Y nosotros también sufrimos. No solo por las condiciones físicas, que ya eran malas de por sí, sino en nuestras mentes, en nuestras conciencias. Puede que hubiera algunos salvajes, algunos monstruos que lo glorificaron (y quizá sirvió para que hubiera algunos asesinos menos en nuestras calles durante aquel tiempo) pero la mayoría de nosotros sufría agonías intermitentes y se preguntaba en los momentos de crisis si de verdad estaríamos haciendo lo que debíamos, a pesar de saber en el fondo de nuestros corazones que era así.

Muchos teníamos pesadillas. Las cosas que veíamos todos los días, las escenas que presenciábamos, el dolor y el terror... Estas cosas no podían cuando menos que afectarnos.

Aquellos de los que nos encargábamos: su tormento duraba pocos días, puede que un mes o dos, y entonces todo terminaba para ellos tan rápida y eficazmente como era posible.

Nuestro sufrimiento se ha prolongado una generación entera.

Me enorgullezco de lo que hice. Ojalá no me hubiera correspondido a mí hacer lo que había que hacer, pero me alegro de haberlo hecho lo mejor posible, y volvería a hacerlo.

Por eso quería poner por escrito lo que había ocurrido.
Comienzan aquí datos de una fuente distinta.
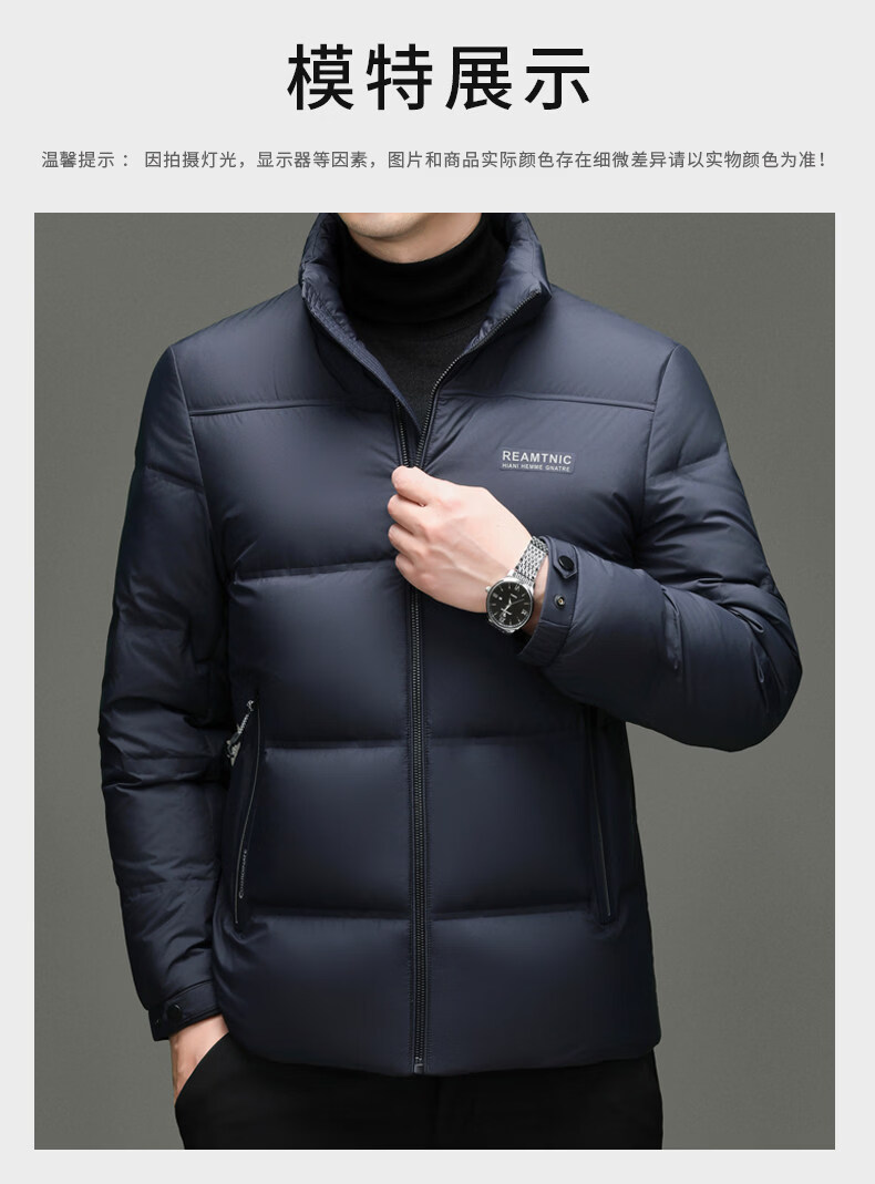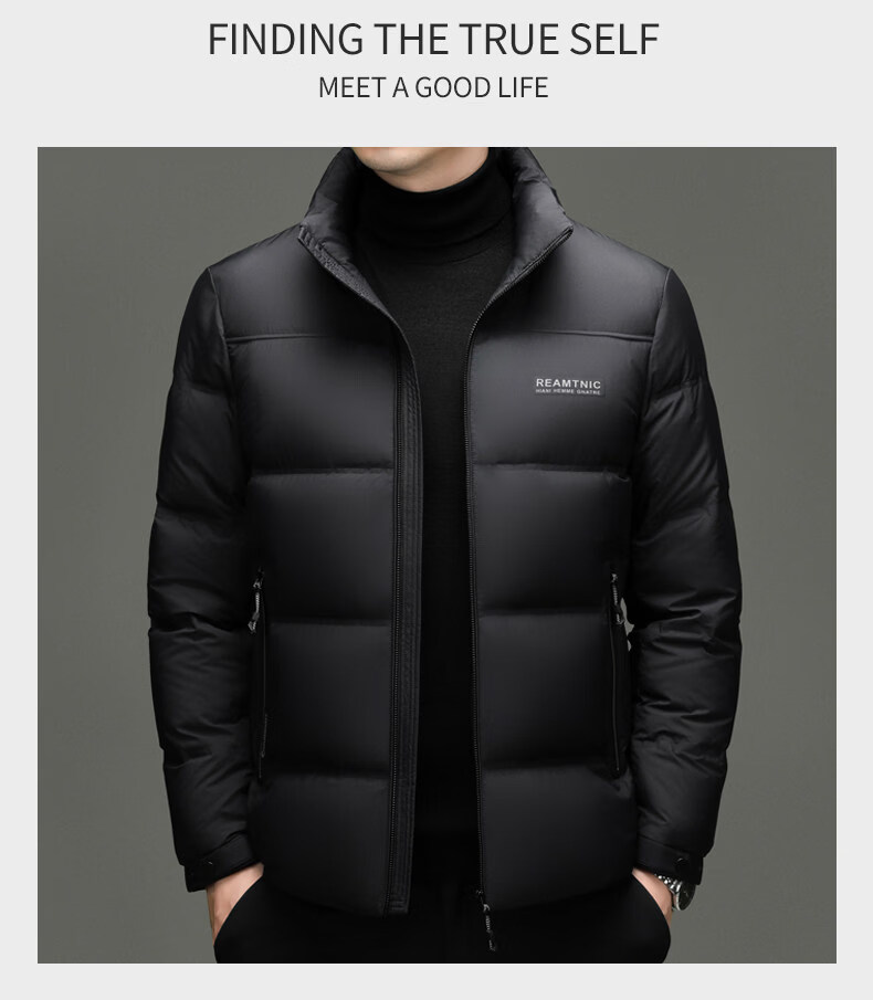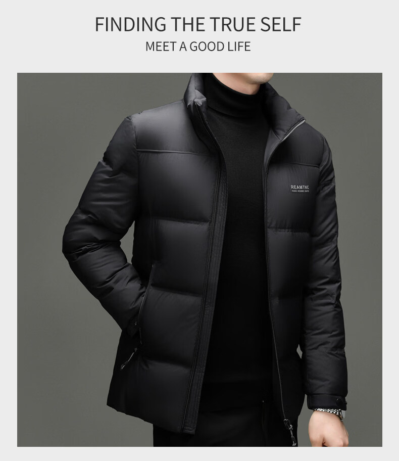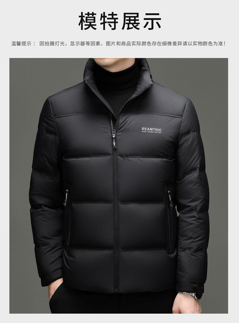 Hengyuanxiang 2025 New Duck Down Down Jacket Men's Winter Thickened Business Casual High-End Stand-up Collar Coldproof Jacket for Men Black Warm and Thickened L 170 Recommended 100-120 Jin Jin equals 0.5 kg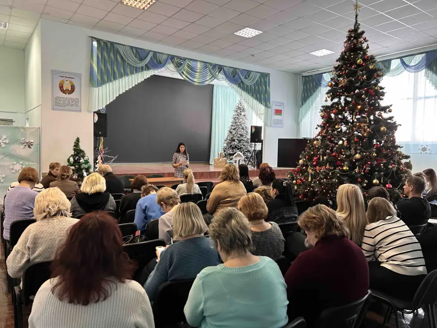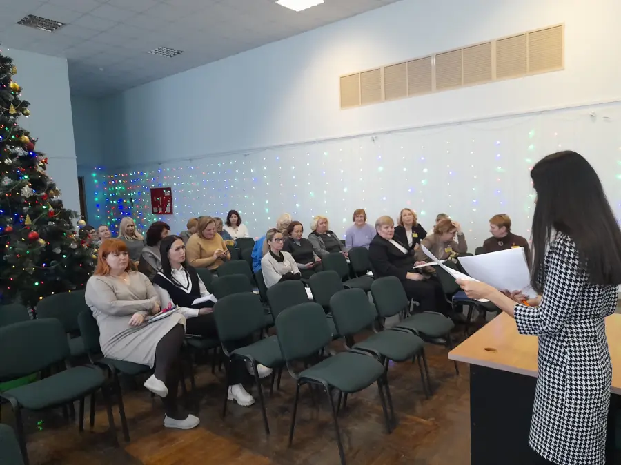 Коллектив нашего учреждения собрался в актовом зале, где услышал докладчика О.В.Семенькову:
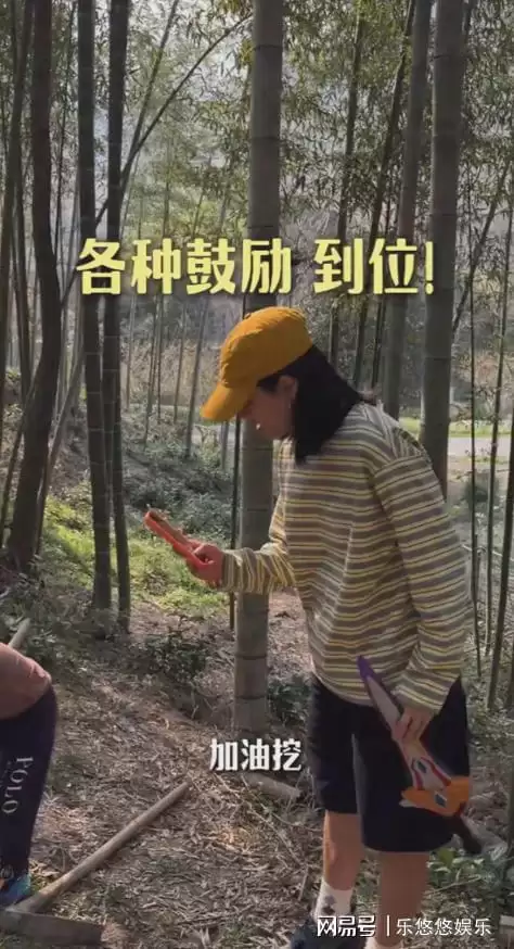 周一围带娃挖笋,45岁朱丹穿短裤状态好

Para dejar testimonio de nuestra fe, nuestra dedicación y nuestro sufrimiento.

Nunca lo hice.

También me enorgullezco de eso.

Despertó y había algo dentro de su cabeza.
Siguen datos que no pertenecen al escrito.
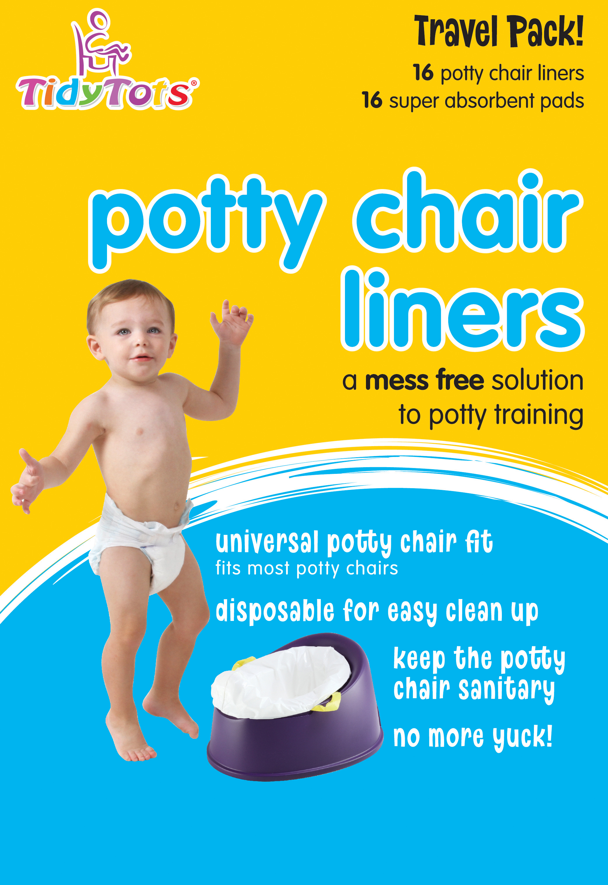 Tidy Tots Portable Potty Chair Liners, Disposable Potty Seat Covers, 32 Liners and 32 Super-Absorbent Pads, XL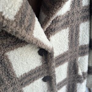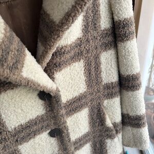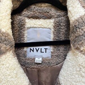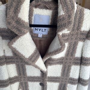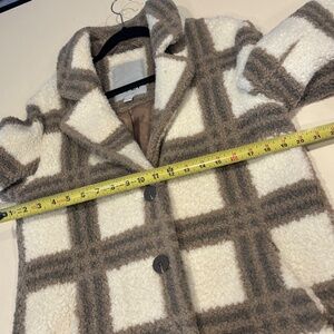 Anthropologie NVLT cream and tan plaid teddy coat. Excellent condition, worn maybe twice. Three button front with two front slit pockets. Roughly 42.5” in length from center shoulder to bottom hem and 20” from pit to pit. Please refer to photos for measurements and content.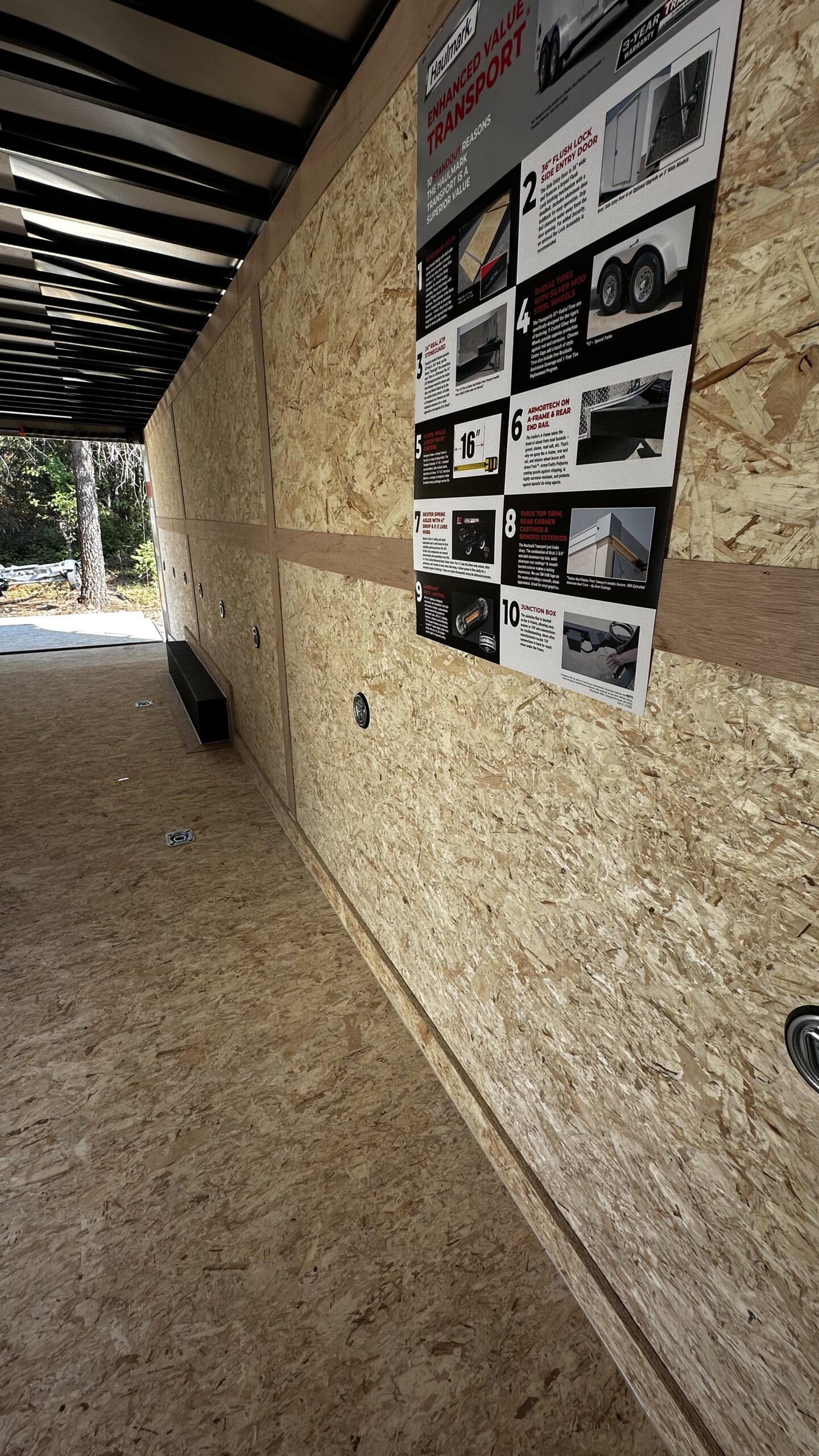 - PlexCore 3/4” flooring + 3/8” sidewall liner (water-resistant)

Volvía a estar en la realidad, en el presente, en el dormitorio de la habitación que ocupaba en el complejo de retiro, cerca del mar. Podía ver cómo incidían los rayos del sol en los azulejos de la balconada, en el exterior del cuarto. Sus dos corazones gemelos latían con fuerza y las escamas de su espalda se habían erizado y le picaban. Le dolía la pierna con el eco del dolor de la herida que había sufrido hacía tanto en el glaciar.

El sueño había sido el más vivido hasta la fecha y también el más largo, extendido hasta la avalancha del acantilado occidental y el accidente de la perforadora (sumergido como había estado en las profundidades de su memoria, enterrado bajo el temible y blanco peso del dolor recordado). Aparte de esto, lo que había experimentado había salido de su curso habitual, del paisaje acostumbrado de sus sueños, impulsado hasta allí por la rememoración del accidente y la imagen de sí mismo tratando de recobrar el aliento mientras contemplaba, paralizado por el asombro, el rostro de la chica muerta.

Se había encontrado pensando, explicándose, hasta justificando lo que había hecho en el ejército, durante la parte más importante de su vida.

Y ahora podía sentir algo dentro de su cabeza.

Lo que quiera que había dentro de su cabeza lo obligó a cerrar los ojos.